The pressure, he says, is real.

"If you're saying something good about a player, he's a rock star, and if a guy has a tough night and you want to deal with the media honestly, you've got to be careful about how hard you go at his play because then the next day or maybe even that day, it's a drive-by shooting," Maurice said Friday after the Winnipeg Jets' practice.

"They'll find something that's not going and it's 40 people in the stall figuring out whether they should trade him, play him more or execute him."

Maurice, a Jack Adams Award contender as coach of the year this season with Winnipeg, didn't make the playoffs in his two years with the Leafs, missing by one point in 2006-07. He said the market doesn't change the pressure of winning but does affect a coach trying to control his message within the locker-room.

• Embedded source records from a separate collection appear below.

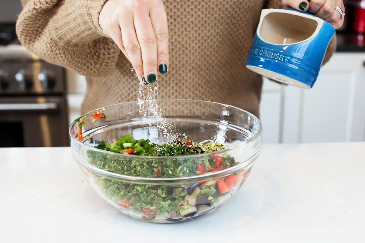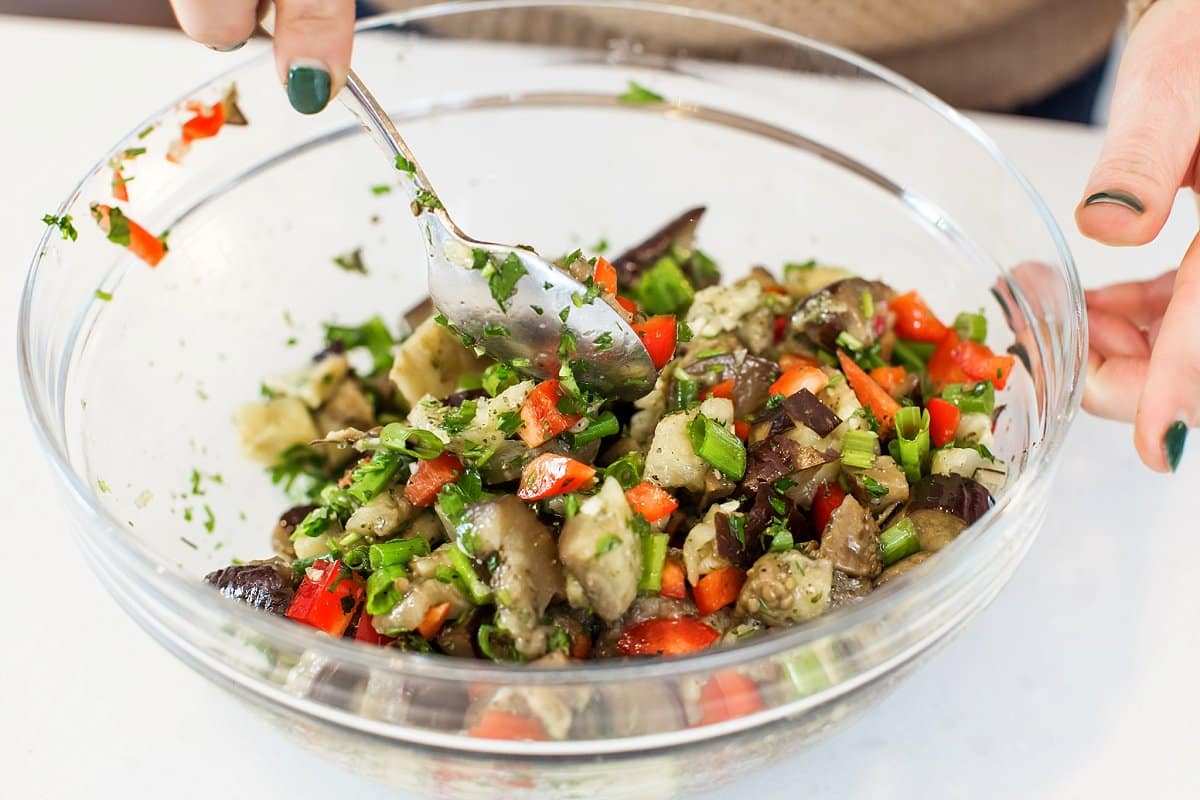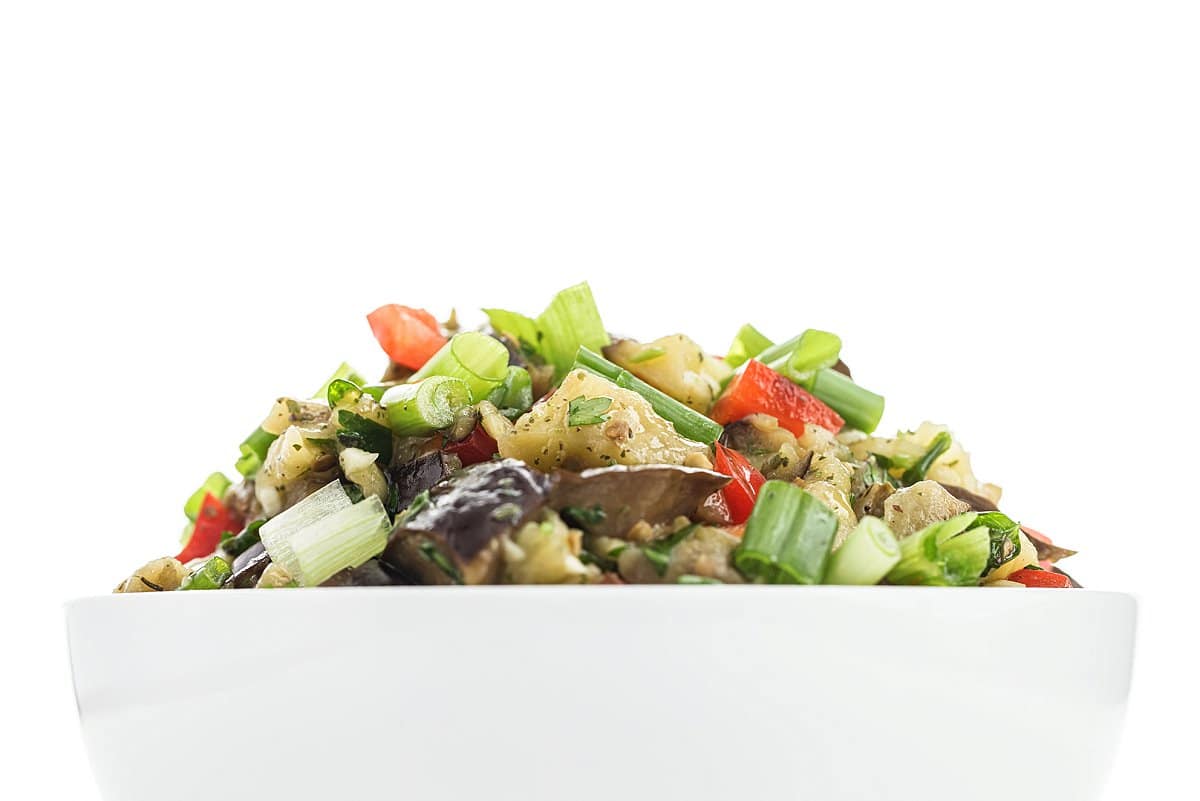 I bet you never thought there were so many ways to enjoy eggplant, did you? It’s one of my favorite foods to use in flavorful dishes because it’s spongy texture soaks everything up so well. I commonly use it in my Middle Eastern cuisine, and that applies to my Lebanese Eggplant Salad. While eggplant is much better cooked, it doesn’t have to be served hot! In this chilled salad, the eggplant is roasted ahead of time to give it that smoky flavor, before cooling, dicing, and tossing with the rest of the ingredients.
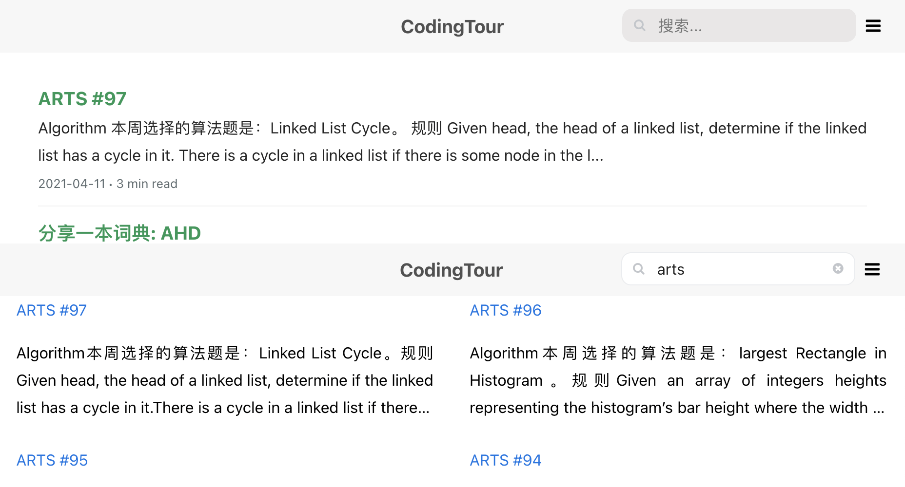 相比 Simple-Jekyll-Search 提供的默认功能,我做了两处更新:
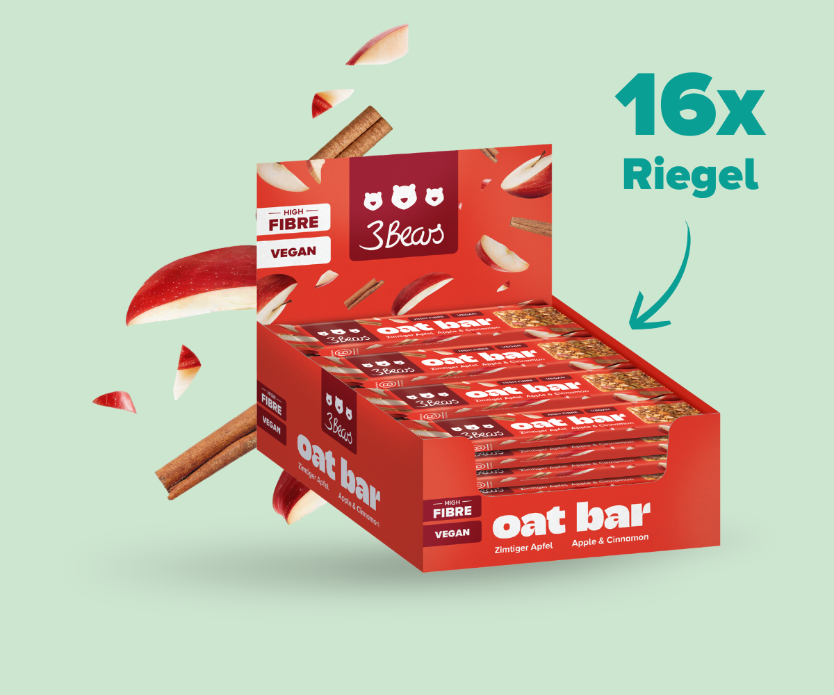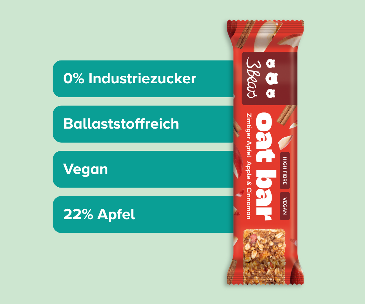 Unsere Oat Bars sind mehr als nur ein Snack – sie sind euer treuer Begleiter für unterwegs, nach dem Sport oder zwischendurch. Voller Hafer, fruchtig im Geschmack und mit der vertrauten 3Bears-Qualität, die ihr liebt. Handlich, lecker und immer bereit, wenn euch der kleine Hunger packt.
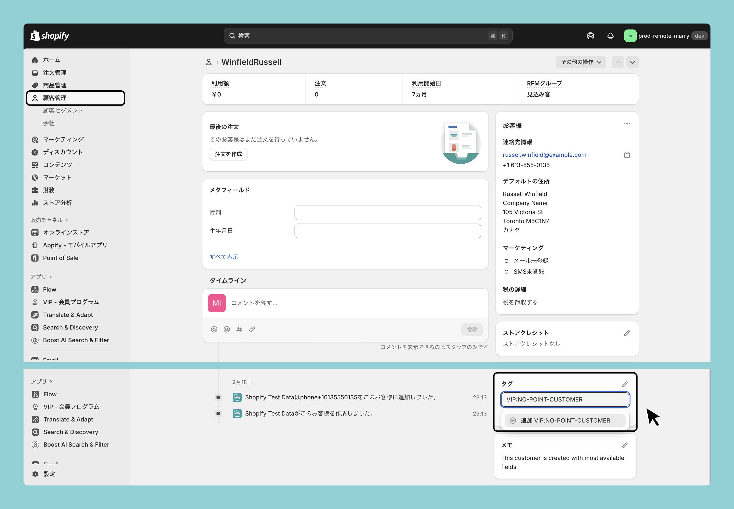 Shopifyの管理画面>顧客管理>ポイント付与の対象外にしたいお客様をクリック>タグにて、「VIP:NO-POINT-CUSTOMER」を設定します。

"It takes a while to get a handle on it. I don't know that I ever did," Maurice said. "I thought Pat Quinn was probably the best at it because for the most part everybody was a little afraid of him.

"He might've come across the podium so that helped. And then I think he also got to the point he really didn't care, so he said what he wanted."

Maurice, who has been head coach of the Hartford Whalers, Carolina Hurricanes (twice), Leafs and Jets, said there's a difference between Toronto, the other Canadian markets, traditional U.S. ones and then the non-traditional ones.

One key to playing or coaching in Toronto, Maurice said, was having a keen awareness of what the market is like.

"Certain guys are really good at working the market here and certain guys weren't," Maurice said. "It can have an effect on how you're viewed as a player in the market."